Harris asked Little if the mayor was now firm on his changes to the health plan and Little said he was.
But the discussion opened an old wound for some council members.
Wanda Halbert has frequently made claims that certain council members and certain areas of Memphis get preferential treatment over others. She’s long claimed (and brought up numerous times about variety of topics) that the Overton Square parking garage and the drainage basin for Lick Creek built under it, were built because the structure is in Midtown and the project was pushed by Strickland and Flinn.
When she brought up the project again on Tuesday, Flinn gave a fiery retort.
“I find it personally offensive that the idea that I am walking around and the administration is throwing information at me. That’s not the case at all, not on Overton Square and not on the spousal carveout” Flinn said. “I bust my ass at this job and go out of my way, on nights and weekends, collecting information and I schedule meetings with (the Wharton administration).

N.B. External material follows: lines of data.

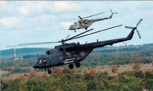 Пара Ми-8 с тактическим десантом на борту над полигоном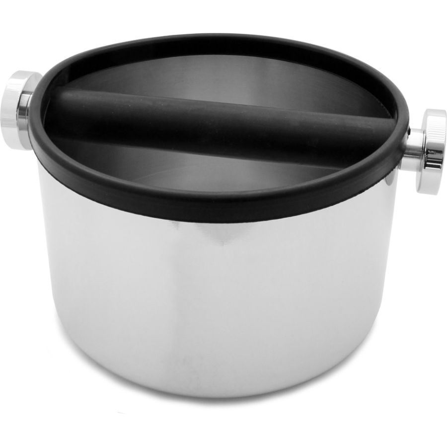 En robust knockbox med en diameter på 16,5 cm. Slå kaffebriksen fra espressomaskinens filterholder direkte ned i beholderen. Kanten på beholderen har en gummi krave, der beskytter filterholderen. I bunden af beholderen er der en 2mm tyk skumgummiskive, som dæmper slaget og forhindrer knockboxen i at glide på bordet. Stangen, som man slår filterholderen mod, er beskyttet med gummi, og den kan om nødvendigt fjernes ved at skrue knapperne på enden løs. Knockboxens højde er ca. 11,5 cm.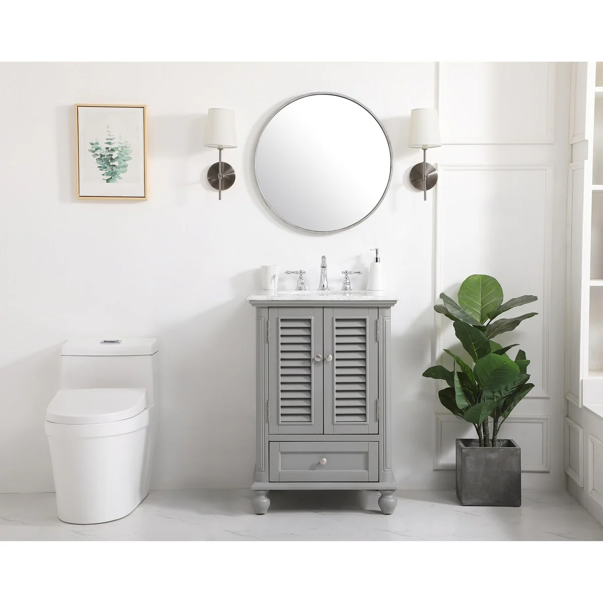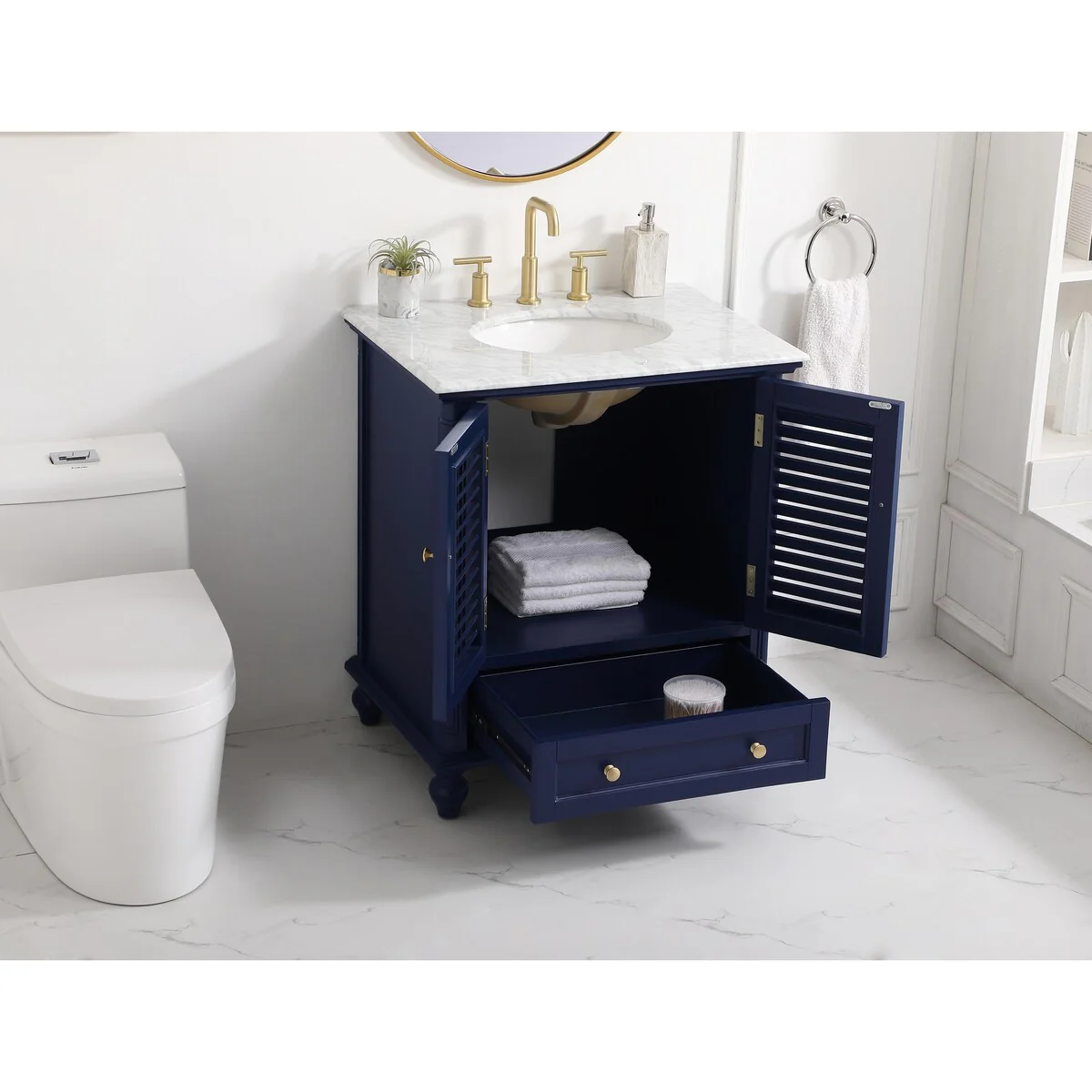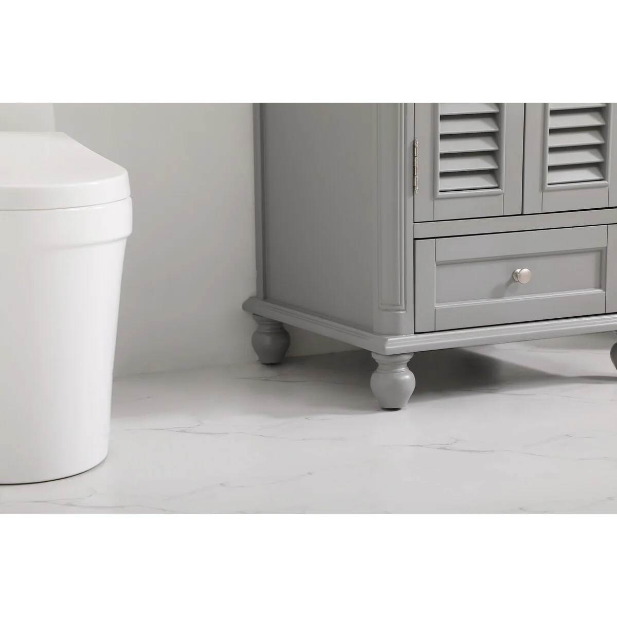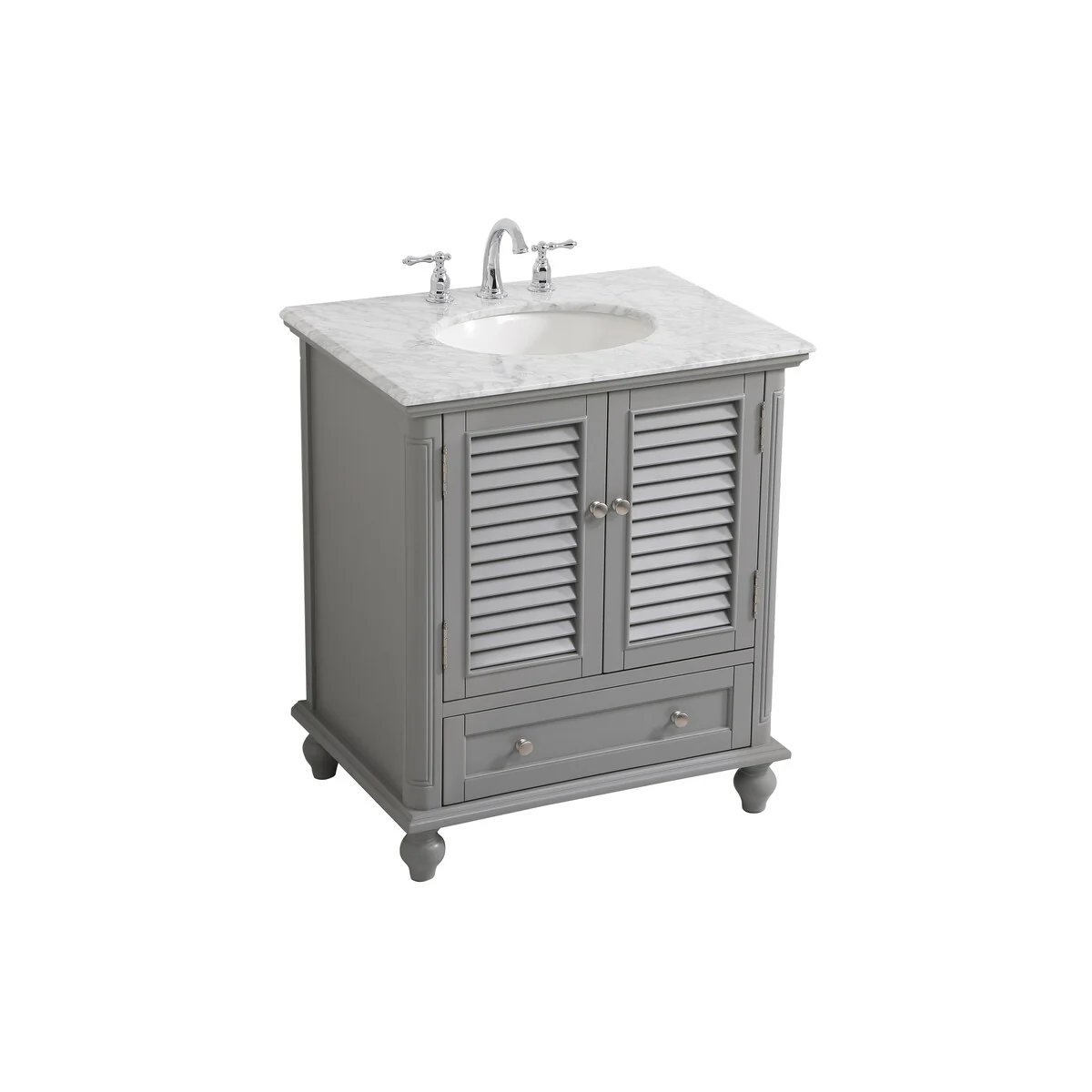 A small space doesn't mean you have to settle for less. This compact vanity will add lovely sophistication and complement any small bathroom or powder room, while utilizing its charm and function to provide you with ample storage spaces. Brushed nickel knobs gently adorn the shuttered cabinet door and drawer at the base, allowing for you to store away your bathroom essentials. The Carrara white marble countertop, porcelain undermount sink, dignified subtle engravings on the side edges, and rounded legs all come together to create contemporary beauty. Work with your space, and design a beautiful room, no matter the size.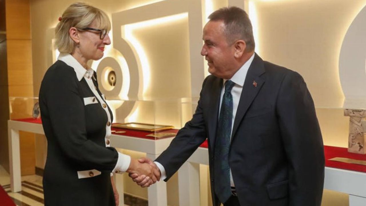 İngiltere Büyükelçisi Jill Morris, Antalya Büyükşehir Belediye Başkanı Muhittin Böcek’i ziyaret etti. Türkiye ile İngiltere arasındaki ilişkilerin ele alındığı görüşmede başta turizm, tarım ve ticaret olmak üzere her alandaki işbirliğinin daha da ileri seviyeye taşınması noktasında yapılabilecekler ele alındı.ANTALYA (İGFA) - Antalya Büyükşehir Belediye Başkanı Muhittin Böcek, Antalya’yı ziyaret eden İngiltere Büyükelçisi Jill Morris’i makamında ağırladı. Büyükelçi Morris’in ziyaretinde Antalya Büyükşehir Belediyesi Genel Sekreteri Cansel Tuncer, Genel Sekreter Yardımcısı Mustafa Gürbüz ile Başkan Danışmanları Osman Ayık ve Lokman Atasoy da hazır bulundu.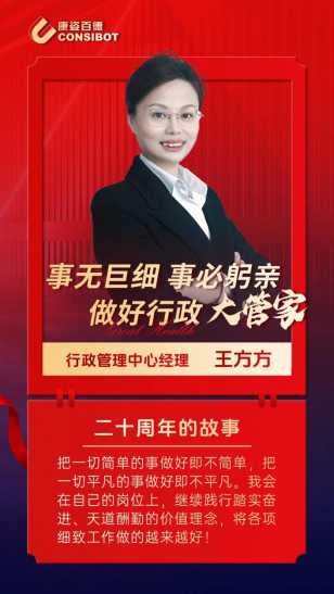 今年是康姿百德集團(tuán)成立20周年。在20年的發(fā)展歷程中,涌現(xiàn)出一大批在經(jīng)營(yíng)管理、原料采購(gòu)、品牌宣傳、暖心服務(wù)、人才引進(jìn)和培訓(xùn)等各個(gè)領(lǐng)域立足崗位、奉獻(xiàn)建功的優(yōu)秀代表。讓我們一起看看這些榜樣故事。本期帶你走進(jìn)康姿百德行政管理中心經(jīng)理王方方。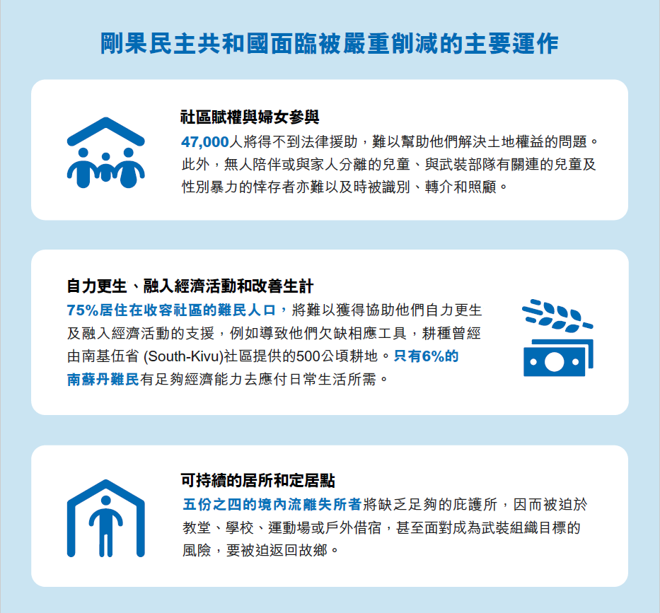 面對這場既可怕又長期持續的危機,人道救援的資金卻嚴重不足。假如現時有更多資金去幫助當地的難民,以及在國外的剛果難民,協助他們返回原籍國,那麼就可以避免將來花費更多的人道救援成本。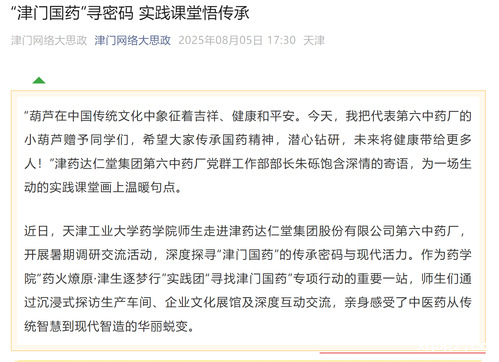 “津门网络大思政”微信公众号丨“津门国药”寻密码 实践课堂悟传承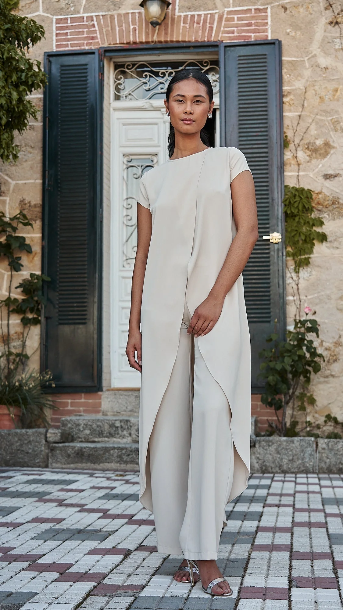 Este pantal贸n de fiesta es la elecci贸n perfecta para completar tu look elegante y sofisticado. Con un dise帽o liso recto y cintura alta, ofrece una silueta estilizada y favorecedora, ideal para eventos como bodas, fiestas y celebraciones especiales.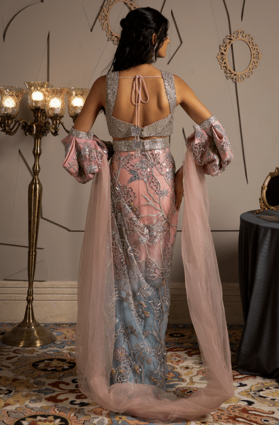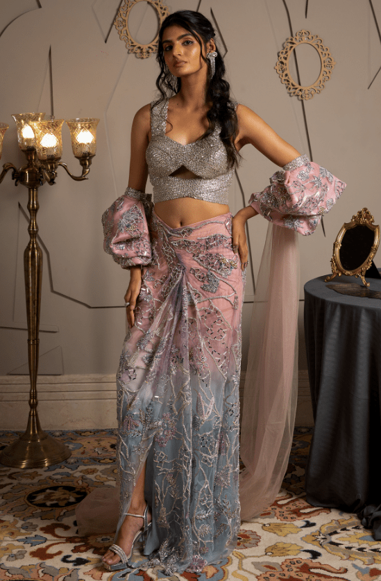 Featuring a multi-colored ombre pre-draped saree in shimmer net base with pearl and cutdana embroidery. It is paired with a butterfly net blouse having a pair of sleeves with attached dupatta . Accentuate it with statement jewellery and heels for a cocktail or sangeet ceremony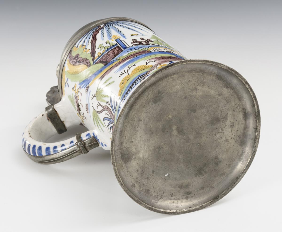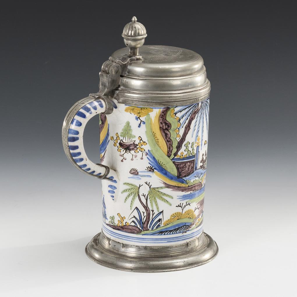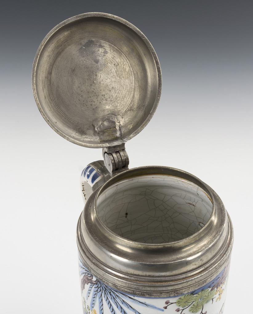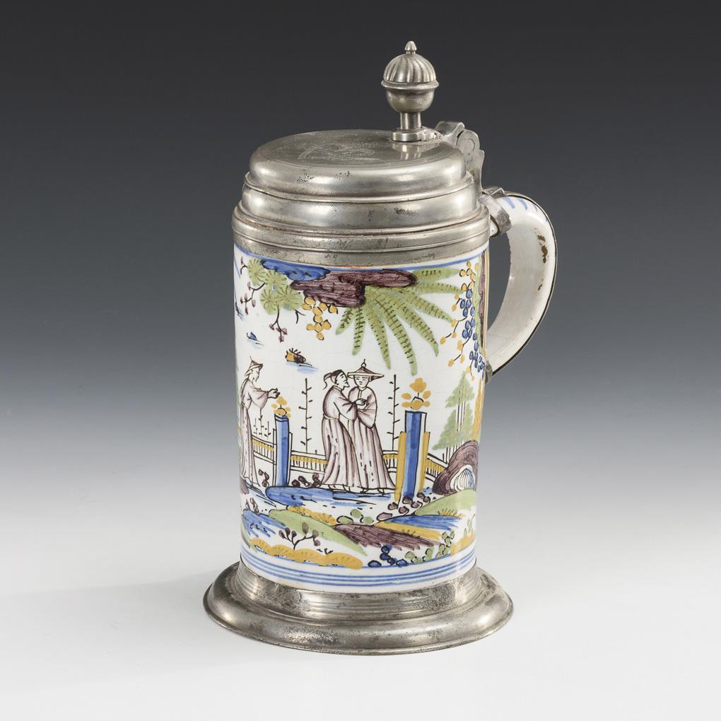 Zylinderkrug mit strichverziertem Bandhenkel. Schauseitig eine asiatisierende Figurenszene in stilisierter Landschaft. Zinndeckel mit Kugeldrücker und Herzgravur "HL 1734", Zinnstand. Partiell Glasurdefekte, Altersspuren und Defekte am Zinn.

This idea that there are favorite nations, it’s not the truth and I wish it would stop.”
Fullilove took the opportunity tell Flinn that she thinks he has had “privilege all of your life” and that she was not mad at him about that. But she said she thought Flinn does have special privileges with the administration and she does not.
“Have I been dissed by this administration? Yes, I have,” Fullilove said. “I called the mayor four times and has he responded? Nope. It’s obvious that he doesn’t care about what I want to talk about. And people ask me why I criticize him like I do.”
In another action, the council pushed a final vote on pension reform to sometime after their next meeting on October 21.